■ **Description of the task**
Only the lines from the one containing "acrylic on canvas" through the end of the listing belong in the answer, repeated exactly, with no pictures.

■ **Data records**

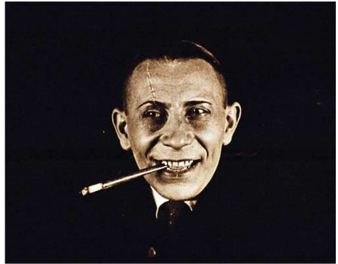
Figure 3 | Wicked: the man they loved to hate. From Blind Husbands (Erich von Stroheim, 1919). This figure is not covered by the Creative Commons Attribution 4.0 International License.

The next morning the weather has cleared, allowing everyone to go home; while Mrs Hughes finds her husband unconcerned by her escapade, Karamzin is involved in a scene with Maruschka, who is distressed and tearful. It transpires that the Count had previously seduced the maid and promised to marry her; he now attempts to reassure her and gives her a kiss, wiping his mouth afterwards. He then goes to Ventucci's house, where young Marietta lies ill and bedridden, sleeping in a darkened room. While her father is preparing the fake money, Karamzin furtively approaches the girl, again smacking his lips; he exudes a menacing lust. But just as he bends over the sleeper, he hears Ventucci returning, and rapidly moves away. Back at the Villa Amorosa, more passionate drama from Maruschka awaits him: this time the Count invents a sad story about his financial troubles, and persuades the infatuated woman to give him all her life savings. The action moves again to Monte Carlo society, and Karamzin watches Mrs Hughes win a huge sum at the roulette. She declines Princess Olga's invitation to join them at home for more gambling, but then receives a note from the Count, begging for a secret meeting at the Villa. Unable to resist, Mrs Hughes goes to Karamzin and is seen by Maruschka, who is driven insane
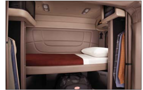
The comfortable 63" Platinum sleeper features closets and cabinet doors with woodgrain accents while the Prestige sleeper has vinyl curtains and net enclosures. Both configurations feature shelving for amenities, Xenon lighting and a convenient control panel near the bunk.
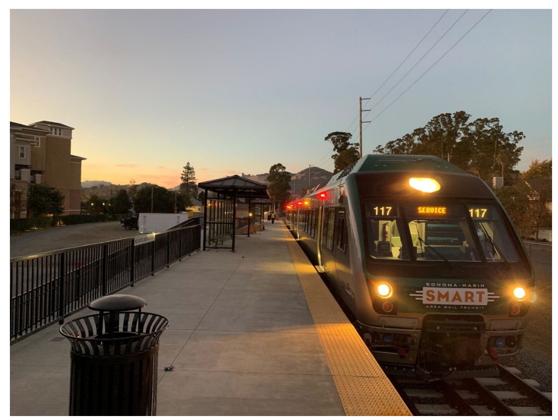
Novato Downtown Station - Train Testing
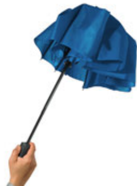
Step 3: press the button to close
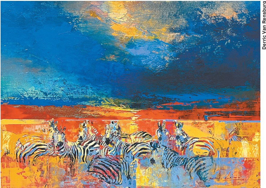
"Patterns" 21¼" x 29¼" acrylic on canvas

"I was convinced that I couldn't make a living out of it," but in 1979 he realized that he could be doing this full time and he excelled becoming one of the true heavyweights of the international art scene.
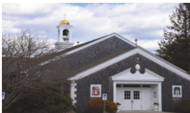
St. Elizabeth Seton
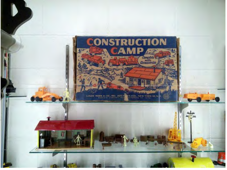
More from the NTTM Open House – Here are two more pictures from the huge Marx display

■ **The completed task**
"Patterns" 21¼" x 29¼" acrylic on canvas

"I was convinced that I couldn't make a living out of it," but in 1979 he realized that he could be doing this full time and he excelled becoming one of the true heavyweights of the international art scene.
St. Elizabeth Seton
More from the NTTM Open House – Here are two more pictures from the huge Marx display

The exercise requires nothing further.